RE: [PATCH 1/2] x86/CPU/AMD: Present package as die instead of socket

From: Ghannam, Yazen
Date: Tue Jun 27 2017 - 14:32:48 EST


> -----Original Message-----
> From: linux-kernel-owner@xxxxxxxxxxxxxxx [mailto:linux-kernel-
> owner@xxxxxxxxxxxxxxx] On Behalf Of Borislav Petkov
> Sent: Tuesday, June 27, 2017 1:44 PM
> To: Suthikulpanit, Suravee <Suravee.Suthikulpanit@xxxxxxx>
> Cc: x86@xxxxxxxxxx; linux-kernel@xxxxxxxxxxxxxxx; Duran, Leo
> <leo.duran@xxxxxxx>; Ghannam, Yazen <Yazen.Ghannam@xxxxxxx>;
> Peter Zijlstra <peterz@xxxxxxxxxxxxx>
> Subject: Re: [PATCH 1/2] x86/CPU/AMD: Present package as die instead of
> socket
>
> On Tue, Jun 27, 2017 at 11:54:12PM +0700, Suravee Suthikulpanit wrote:
> > The 8 threads sharing each L3 are already in the same sched-domain1
> > (MC CCX). So, cpu0 is in the same sched-domain1 as
> > cpu1,2,3,64,65,66,67. Here, we need the DIE sched-domain because it
> > represents all cpus that are in the same NUMA node (since we have one
> memory controller per DIE).
>
> So this is still confusing. Please drop the "DIE sched-domain" as that is
> something you're trying to define and I'm trying to parse what you're trying to
> define and why.
>
> > IIUC, for Zen, w/o the DIE sched-domain, the scheduler could try to
> > re-balance the tasks from one CCX (schedule group) to another CCX
> > across NUMA node, and
>
> CCX, schedule group, NUMA node, ... now my head is spinning.
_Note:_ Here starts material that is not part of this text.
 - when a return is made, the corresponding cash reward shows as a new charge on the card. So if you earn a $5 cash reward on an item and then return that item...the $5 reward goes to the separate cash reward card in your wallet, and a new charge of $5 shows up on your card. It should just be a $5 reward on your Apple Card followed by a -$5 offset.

Do you see
> what I mean with agreeing on the nomenclature and proper term definitions
> first?
>
> > potentially causing unnecessary performance due to remote memory
> access.
> >
> > Please note also that SRAT/SLIT information are used to derive the
> > NUMA sched-domains, while the DIE sched-domain is non-NUMA
> > sched-domain (derived from CPUID topology extension which is available on
> newer families).
>
> So let's try to discuss this without using DIE sched-domain, CCX, etc, and let's
> start simple.
>
> So in that die graphic:
>
> ----------------------------
> C0 | T0 T1 | || | T0 T1 | C4
> --------| || |--------
> C1 | T0 T1 | L3 || L3 | T0 T1 | C5
> --------| || |--------
> C2 | T0 T1 | #0 || #1 | T0 T1 | C6
> --------| || |--------
> C3 | T0 T1 | || | T0 T1 | C7
> ----------------------------
>
> you want all those threads to belong to a single scheduling group.
> Correct?
>
> Now that thing has a memory controller attached to it, correct?
>
> If so, why is this thing not a logical NUMA node, as described in SRAT/SLIT?
>
> If not, what does a NUMA node entail on Zen as described by SRAT/SLIT?
> I.e., what is the difference between the two things? I.e., how many dies as
> above are in a NUMA node?
>
> Now, SRAT should contain the assignment which core belongs to which node.
> Why is that not sufficient?
>
> Ok, that should be enough questions for now. Let's start with them.
>

This group is a NUMA node. It is the "identity" NUMA node. Linux skips the
identity NUMA node when finding the NUMA levels. This is fine as long as the
MC domain is equivalent to the identity NUMA node. However, this is not the
case on Zen systems.

We could patch the sched/topology.c to not skip the identity NUMA node.
Though this will affect all systems not just AMD.

Something like this:

diff --git a/kernel/sched/topology.c b/kernel/sched/topology.c
index 1b0b4fb..98d856c 100644
--- a/kernel/sched/topology.c
+++ b/kernel/sched/topology.c
@@ -1103,6 +1103,8 @@ void sched_init_numa(void)
* node_distance(i,j) in order to avoid cubic time.
*/
next_distance = curr_distance;
+ sched_domains_numa_distance[level++] = next_distance;
+ sched_domains_numa_levels = level;
for (i = 0; i < nr_node_ids; i++) {
for (j = 0; j < nr_node_ids; j++) {
for (k = 0; k < nr_node_ids; k++) {

Thanks,
Yazen